Exercise description
Every entry needs to be written out again exactly, with its pictures removed.

==== Given records ====

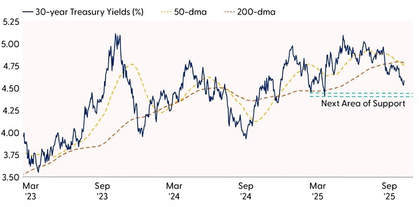 Technically, the path of least resistance for rates remains lower. Yields on 2-, 10-, and 30-year Treasuries are entrenched in accelerating downtrends. As shown in the “Long Bond Yields Breakdown to Multi-month Lows” chart, the 30-year yield recently broke below both its September lows and a key uptrend, leaving 4.42% and 4.30% as the major areas of support.
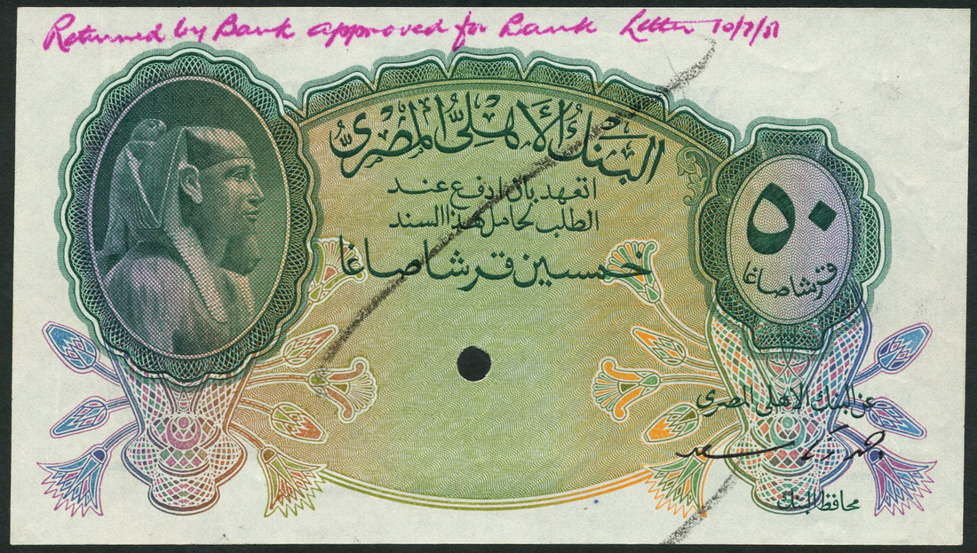 (†) National Bank of Egypt, 50 piastres, ND (1935), no serial number, green on multicolour, Tutankhamen at left, value at right, reverse blue, crescent and stars at left
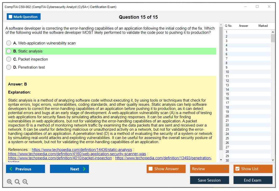 DumpsBoss CS0-002 exam dumps exceeded my expectations! The detailed explanations and practice questions were instrumental in my success. I've tried other sites before, but none compare to the quality and value offered here. Thanks to DumpsBoss, I'm now certified and ready to tackle new challenges in cybersecurity!
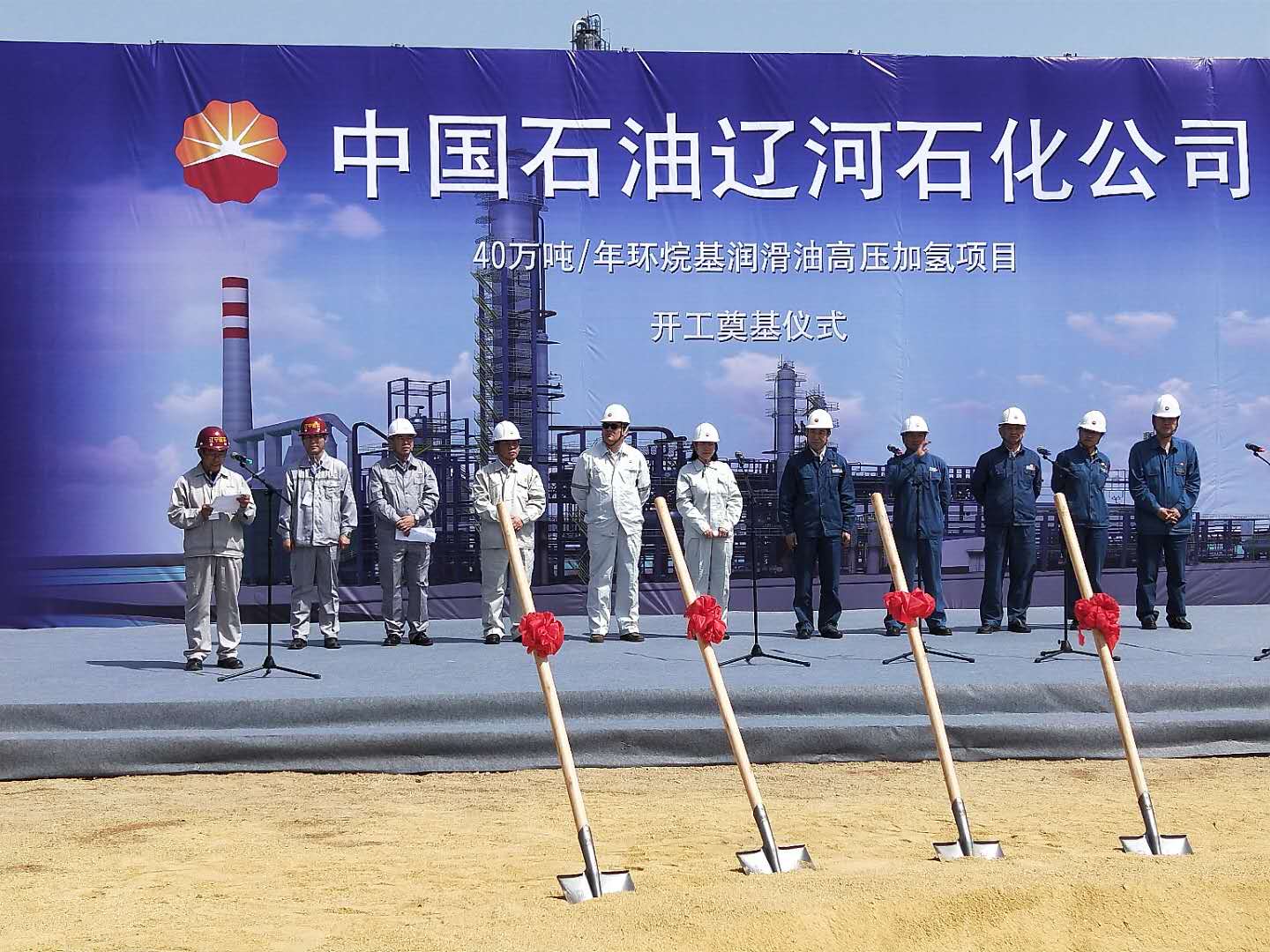 2018年5月8日上午9時(shí)58分,風(fēng)和日麗,晴空萬(wàn)里。中國(guó)石油遼河石化公司40萬(wàn)噸/年環(huán)烷基潤(rùn)滑油高壓加氫項(xiàng)目開工奠基儀式在遼河石化廠區(qū)項(xiàng)目現(xiàn)場(chǎng)隆重舉行。我公司總經(jīng)理田立奎、項(xiàng)目總監(jiān)理工程師黃思敏以及項(xiàng)目監(jiān)理部全體監(jiān)理人員參加了會(huì)議。
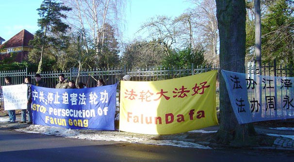 (Clearwisdom.net) On February 11th, practitioners gathered in front of the Chinese Embassy in Copenhagen to protest the vicious attack on American Falun Gong practitioner, Dr. Li Yuan. Thugs also broke the door of the key person in charge of NTDTV in France, to steal money.
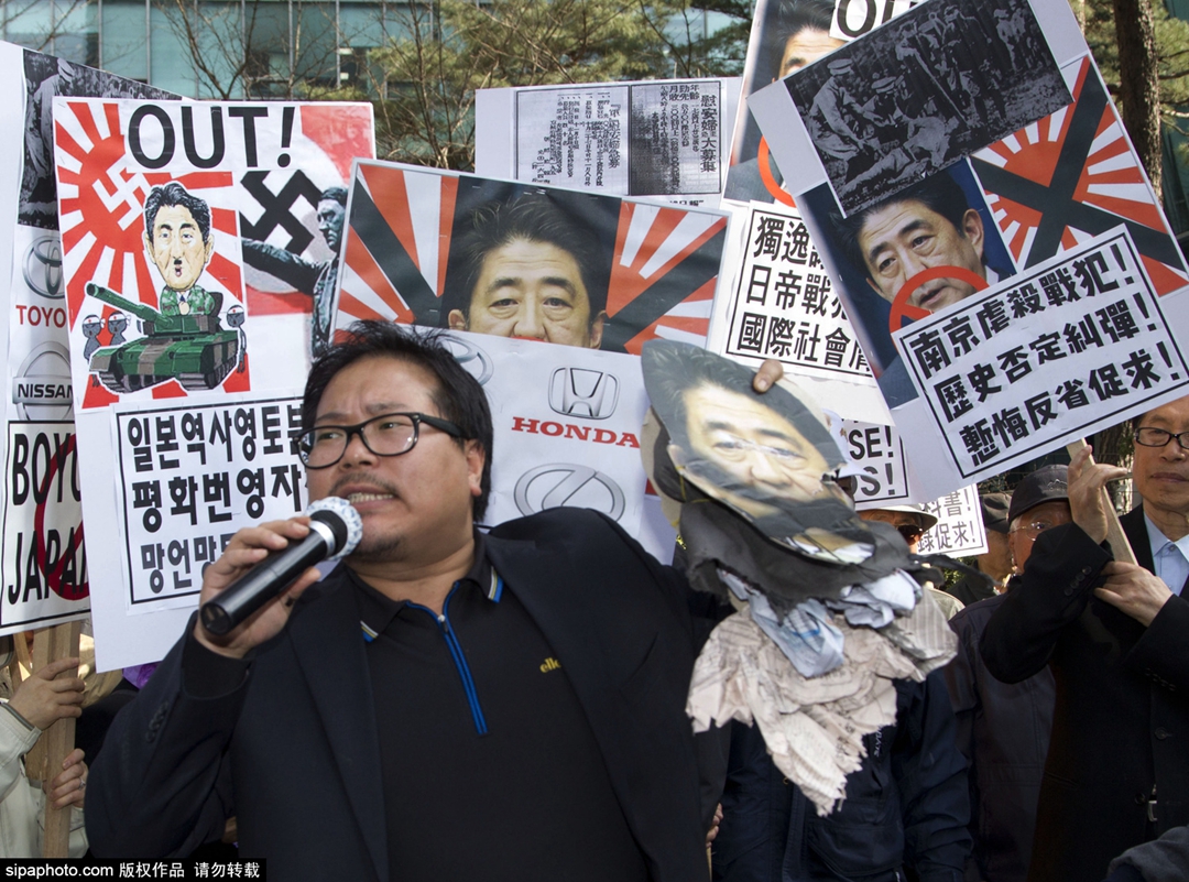韩国民众在日本驻韩使馆门前反日游行(高清组图)
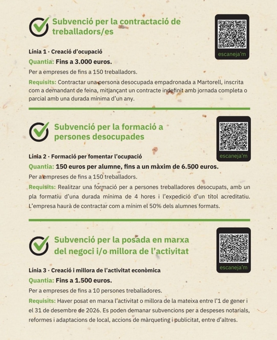 La línia 3 de Creació i/o millora de l’activitat econòmica atorga 1.500 euros per a autònoms i empreses amb una plantilla no superior a 10 persones amb domicili social, delegació o centre de treball a Martorell que hagin posat en marxa o millorat la seva activitat entre l’1 de gener i el 31 de desembre de 2026. Són subvencionables, entre altres, despeses notarials, reformes i adaptacions de local, accions de màrqueting i publicitat.
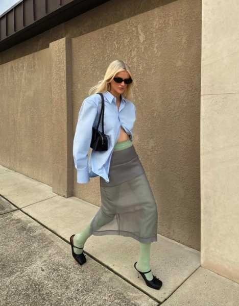 Як поєднати комфорт та стиль? Відповідь проста: кольорові колготки – тренд осені 2025. Фіолетові, блакитні, білі, з різними візерунками та мереживні – їх можна поєднувати зі спідницями та сукнями. А якщо зверху надіти пальто, то вийде неймовірно модний образ, що зігріває.
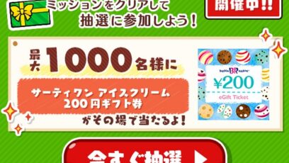 ネット応募の懸賞【毎日・アプリ】サーティワンアイスクリーム 200円ギフト券が1,000名様にその場で当たる! 締切:2025-11-10 スヌーピードロップス‐デジタルギフトキャンペーン 賞品:サーティワンアイスクリーム 200円ギフト券(最大1,000名様) 締切:2025年11月10日(月) ミッシ...ネット応募の懸賞大量当選(1000名~)の懸賞ギフト券・商品券が当たる懸賞毎日応募できる懸賞
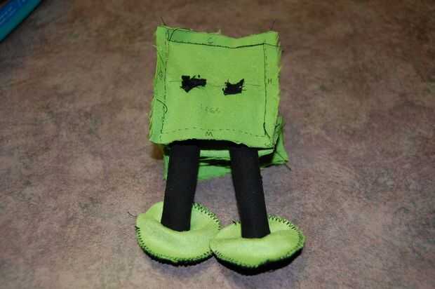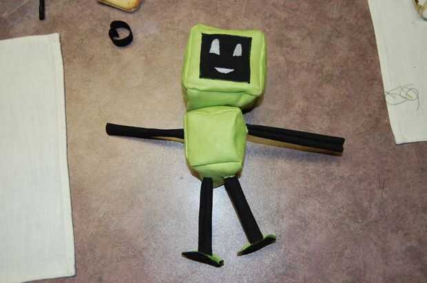 Con los brazos y las piernas adjuntadas, puede activar el lado derecho del cuerpo hacia fuera. Es usted si usted quiere dar el robot un cuello. Decidí que sería muy difícil de coser, pero le invitamos a probar. Simplemente cosí la cabeza directamente sobre el cuerpo, utilizando un Sobrecosa alrededor del agujero donde se unen el cuerpo y la cabeza. También puede usar una puntada normal, si puede maniobrar la aguja ahí.
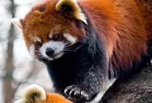 小熊猫:是小熊猫科、小熊猫属的一种动物。雌雄相似,不存在二态性。外形像猫,但较猫肥大,全身红褐色。圆脸,吻部较短,脸颊有白色斑纹。耳大,直立向前。四肢粗短,为黑褐色。尾长、较粗而蓬松,…全部>>
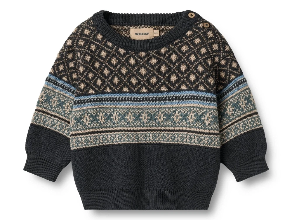 Wheat striktrøje i mørkeblå med jacquardmønster og skulderknapper
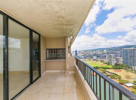 2121 Ala Wai: 2 bedroom, 1 bath popular corner end unit on high floor offering stunning views of Ala Wai, golf course and mountains. High quality workmanship on the Travertine tile throughout entire unit. Upgraded windows in living area and freshly painted. Building is very well maintained, 24 hr security, secure parking and plenty of guest parking. Electric, water, sewer, internet all included in maintenance fee. Amenities include pool, BBQ, rec area, resident manager, sauna, security guard. Sorry, no pets.
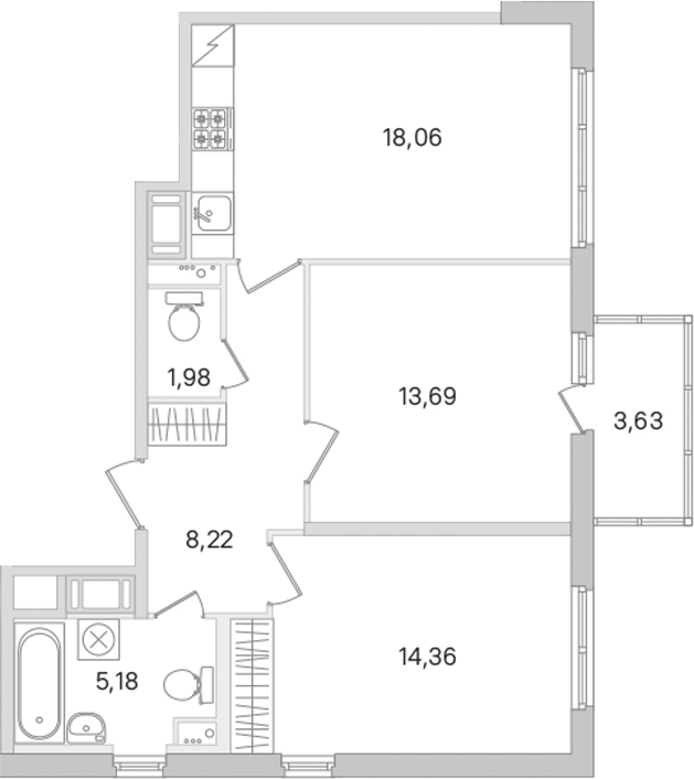 - Площадь кухни18,06 м2
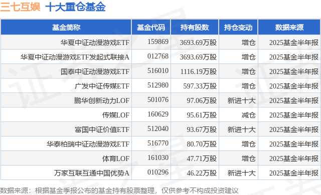 根据2025基金半年报公募基金重仓股数据,重仓该股的公募基金共31家,其中持有数量最多的公募基金为华夏基金的华夏中证动漫游戏ETF。华夏中证动漫游戏ETF目前规模为70.73亿元,最新净值1.6755(9月25日),较上一交易日上涨1.98%,近一年上涨110.36%。该公募基金现任基金经理为鲁亚运。鲁亚运在任的基金产品包括:华夏创业板成长ETF联接A,管理时间为2022年6月10日至今,期间收益率为-0.66%;华夏中证全指证券公司ETF联接A,管理时间为2022年6月10日至今,期间收益率为31.74%;华夏国证疫苗与生物科技指数发起A,管理时间为2022年9月6日至今,期间收益率为-26.18%;华夏战略新兴成指ETF联接A,管理时间为2023年3月27日至今,期间收益率为31.56%。
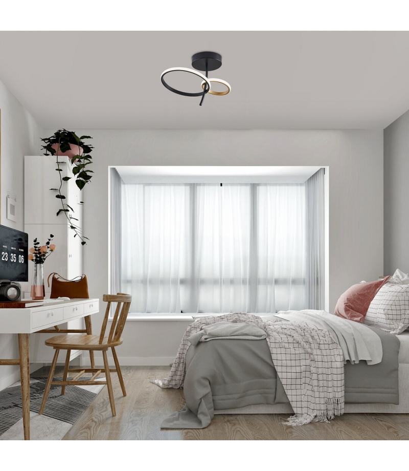Oprawę sufitową Emilion firmy Rábalux polecamy osobom, które przy wyborze oprawy kładą nacisk zarówno na kreatywny design, jak i na funkcjonalność. Ta nowoczesna oprawa sufitowa LED jest wykonana z metalu w eleganckiej czarno-złotej kolorystyce i jest uzupełniona białym kloszem silikonowym. Wyjątkowy wygląd oprawie nadają dwa okrągłe elementy oprawy o różnych rozmiarach, które są przymocowane do krótkiego pręta. Oprócz estetycznego wyglądu oprawa skutecznie zapewnia również niezbędne natężenie światła. Oprawa wisząca jest doskonałym wyborem do salonu, jadalni lub sypialni, gdzie za pomocą neutralnie białego światła stworzy nowoczesny, klarowny efekt. Dzięki zintegrowanej technologii LED oprawa sufitowa charakteryzuje się energooszczędnym działaniem i długą żywotnością.

====

Answer for this exercise
 Technically, the path of least resistance for rates remains lower. Yields on 2-, 10-, and 30-year Treasuries are entrenched in accelerating downtrends. As shown in the “Long Bond Yields Breakdown to Multi-month Lows” chart, the 30-year yield recently broke below both its September lows and a key uptrend, leaving 4.42% and 4.30% as the major areas of support.
 (†) National Bank of Egypt, 50 piastres, ND (1935), no serial number, green on multicolour, Tutankhamen at left, value at right, reverse blue, crescent and stars at left
 DumpsBoss CS0-002 exam dumps exceeded my expectations! The detailed explanations and practice questions were instrumental in my success. I've tried other sites before, but none compare to the quality and value offered here. Thanks to DumpsBoss, I'm now certified and ready to tackle new challenges in cybersecurity!
 2018年5月8日上午9時(shí)58分,風(fēng)和日麗,晴空萬(wàn)里。中國(guó)石油遼河石化公司40萬(wàn)噸/年環(huán)烷基潤(rùn)滑油高壓加氫項(xiàng)目開工奠基儀式在遼河石化廠區(qū)項(xiàng)目現(xiàn)場(chǎng)隆重舉行。我公司總經(jīng)理田立奎、項(xiàng)目總監(jiān)理工程師黃思敏以及項(xiàng)目監(jiān)理部全體監(jiān)理人員參加了會(huì)議。
 (Clearwisdom.net) On February 11th, practitioners gathered in front of the Chinese Embassy in Copenhagen to protest the vicious attack on American Falun Gong practitioner, Dr. Li Yuan. Thugs also broke the door of the key person in charge of NTDTV in France, to steal money.
韩国民众在日本驻韩使馆门前反日游行(高清组图)
 La línia 3 de Creació i/o millora de l’activitat econòmica atorga 1.500 euros per a autònoms i empreses amb una plantilla no superior a 10 persones amb domicili social, delegació o centre de treball a Martorell que hagin posat en marxa o millorat la seva activitat entre l’1 de gener i el 31 de desembre de 2026. Són subvencionables, entre altres, despeses notarials, reformes i adaptacions de local, accions de màrqueting i publicitat.
 Як поєднати комфорт та стиль? Відповідь проста: кольорові колготки – тренд осені 2025. Фіолетові, блакитні, білі, з різними візерунками та мереживні – їх можна поєднувати зі спідницями та сукнями. А якщо зверху надіти пальто, то вийде неймовірно модний образ, що зігріває.
 ネット応募の懸賞【毎日・アプリ】サーティワンアイスクリーム 200円ギフト券が1,000名様にその場で当たる! 締切:2025-11-10 スヌーピードロップス‐デジタルギフトキャンペーン 賞品:サーティワンアイスクリーム 200円ギフト券(最大1,000名様) 締切:2025年11月10日(月) ミッシ...ネット応募の懸賞大量当選(1000名~)の懸賞ギフト券・商品券が当たる懸賞毎日応募できる懸賞
 Con los brazos y las piernas adjuntadas, puede activar el lado derecho del cuerpo hacia fuera. Es usted si usted quiere dar el robot un cuello. Decidí que sería muy difícil de coser, pero le invitamos a probar. Simplemente cosí la cabeza directamente sobre el cuerpo, utilizando un Sobrecosa alrededor del agujero donde se unen el cuerpo y la cabeza. También puede usar una puntada normal, si puede maniobrar la aguja ahí.
 小熊猫:是小熊猫科、小熊猫属的一种动物。雌雄相似,不存在二态性。外形像猫,但较猫肥大,全身红褐色。圆脸,吻部较短,脸颊有白色斑纹。耳大,直立向前。四肢粗短,为黑褐色。尾长、较粗而蓬松,…全部>>
 Wheat striktrøje i mørkeblå med jacquardmønster og skulderknapper
 2121 Ala Wai: 2 bedroom, 1 bath popular corner end unit on high floor offering stunning views of Ala Wai, golf course and mountains. High quality workmanship on the Travertine tile throughout entire unit. Upgraded windows in living area and freshly painted. Building is very well maintained, 24 hr security, secure parking and plenty of guest parking. Electric, water, sewer, internet all included in maintenance fee. Amenities include pool, BBQ, rec area, resident manager, sauna, security guard. Sorry, no pets.
 - Площадь кухни18,06 м2
 根据2025基金半年报公募基金重仓股数据,重仓该股的公募基金共31家,其中持有数量最多的公募基金为华夏基金的华夏中证动漫游戏ETF。华夏中证动漫游戏ETF目前规模为70.73亿元,最新净值1.6755(9月25日),较上一交易日上涨1.98%,近一年上涨110.36%。该公募基金现任基金经理为鲁亚运。鲁亚运在任的基金产品包括:华夏创业板成长ETF联接A,管理时间为2022年6月10日至今,期间收益率为-0.66%;华夏中证全指证券公司ETF联接A,管理时间为2022年6月10日至今,期间收益率为31.74%;华夏国证疫苗与生物科技指数发起A,管理时间为2022年9月6日至今,期间收益率为-26.18%;华夏战略新兴成指ETF联接A,管理时间为2023年3月27日至今,期间收益率为31.56%。
Oprawę sufitową Emilion firmy Rábalux polecamy osobom, które przy wyborze oprawy kładą nacisk zarówno na kreatywny design, jak i na funkcjonalność. Ta nowoczesna oprawa sufitowa LED jest wykonana z metalu w eleganckiej czarno-złotej kolorystyce i jest uzupełniona białym kloszem silikonowym. Wyjątkowy wygląd oprawie nadają dwa okrągłe elementy oprawy o różnych rozmiarach, które są przymocowane do krótkiego pręta. Oprócz estetycznego wyglądu oprawa skutecznie zapewnia również niezbędne natężenie światła. Oprawa wisząca jest doskonałym wyborem do salonu, jadalni lub sypialni, gdzie za pomocą neutralnie białego światła stworzy nowoczesny, klarowny efekt. Dzięki zintegrowanej technologii LED oprawa sufitowa charakteryzuje się energooszczędnym działaniem i długą żywotnością.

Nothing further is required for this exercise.